…more or less.
That’s quite the editorialised title 😆. But not far off.
The grounding of the ferry Aratere began with a “turn execute” command being pushed 36 seconds late, sending the ship’s autopilot onto a course crew didn’t know how to stop, a preliminary report has found.
The report showed the crew did not know how to take back control from the autopilot, and it took about two minutes before the ship was brought back under manual control.
It says it was a new steering system installed 3 weeks earlier. A bit crazy that hitting a button 30 seconds late caused a course that when undone in 2 minutes still wasn’t able to prevent a grounding even with engines put into reverse as soon as they could.

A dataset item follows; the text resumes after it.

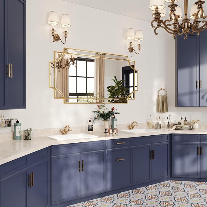 - UNTIQUE DESIGN. If your want some intricacies/interest to the pattern - not just a simple round or rectangle, this mirror will definitely be your perfect choice. Its sophisticated cutout corner accents along the inner and outer edges of the frame complete the look with added decorative detail. It will be a beautiful addition to any wall and an essential element in your home decor.

Tell me it wasn’t made by Boeing pls
Maybe we don’t know everything yet & thats just employees and/or company covering for themselves.
Seafolk likes to talk about mermaids & evil sentient autopilots.Tho not having 3 minutes of buffer at the start of the journey/when hitting autopilot sounds wild.
Unless this was autopilot for the port, but the pic doesn’t seem like it.Also, I was under the impression that any autopilots from the least 50 years were dynamic (ie at least manoeuvering between gps locations, not holding fixed azimuths for certain periods of time), but I don’t actually know much about big ships.
Ah this makes more sense. Thanks for watching the video for us! Can we just sail straight to Blenheim and avoid all that sailing close to land, instead of navigating the sounds…
There’s been so many proposals to do that, and they’ve never managed to get into proper planning phases before getting canned for one reason or another.
Yeah I know. But the current route just seems dumb.
This is a really good write up of the last time the Clifford Bay plan was canned; includes a map of the route and a summary of the economies of it all.
And in the comments section this popped out from someone - which with the benefit of hindsight we can see was not true in the long-term.
3. The supposed costs of “upgrading” Picton were massively over stated and were in fact only actually 50% of the supposed cast in stone costs given by some consultancy company in 2012, so Picton is actually the cheaper option.
Yeah, I also see in the comments some disapproval at the freight industry not wanting to pay, claiming they get the benefits.
I disagree with that assessment. The freight companies don’t get the benefit of shorter routes, what they get is competition forcing prices down on those routes because costs have dropped. The economic benefits aren’t to the freight companies, it is a wider economic benefit of cheaper freight and more efficient transfer of freight that is spread across many companies and individuals. Hence why it doesn’t make sense for freight companies to pay for, but does make sense for a government to invest in.
Oh I don’t disagree at all, but the problem is the National Party scupper any public investment in these services, eg:
https://www.nzherald.co.nz/nz/interisland-ferries-to-stick-with-picton/POXPKGCRWSTJ6HAOXGNQKJG3YI/
That system sounds like a bit of a nightmare to use. And worse to turn off.
The title is actually pretty close, it sounds like nobody knew how the helm system worked, nobody had been trained, and people were frantically pressing buttons trying to get control back.
Also, the vessel was doing freight only crossings and taking the long way across the strait via outer Queen Charlotte sound, because Kiwirail didn’t trust the boat, in particular the transmission.
I’m sailing across the strait Saturday, wish me luck!
Well turns out they had a pretty fuckin great reason not to trust this boat lmao
I always figure the best time to travel is just after an incident like this, when everyone is trying not to have a second incident.
Third incident, this is the second major fuck up in recent time.
And I was on the boat for the first one.
Maybe you’re bad luck?
We’ll find out, I guess.
I kinda feel like in Ferry Driving 101, Section 1a, Paragraph 1 is: How to Steer The Thing.
Steering it wasn’t the issue, it was how to actually take control from the autopilot.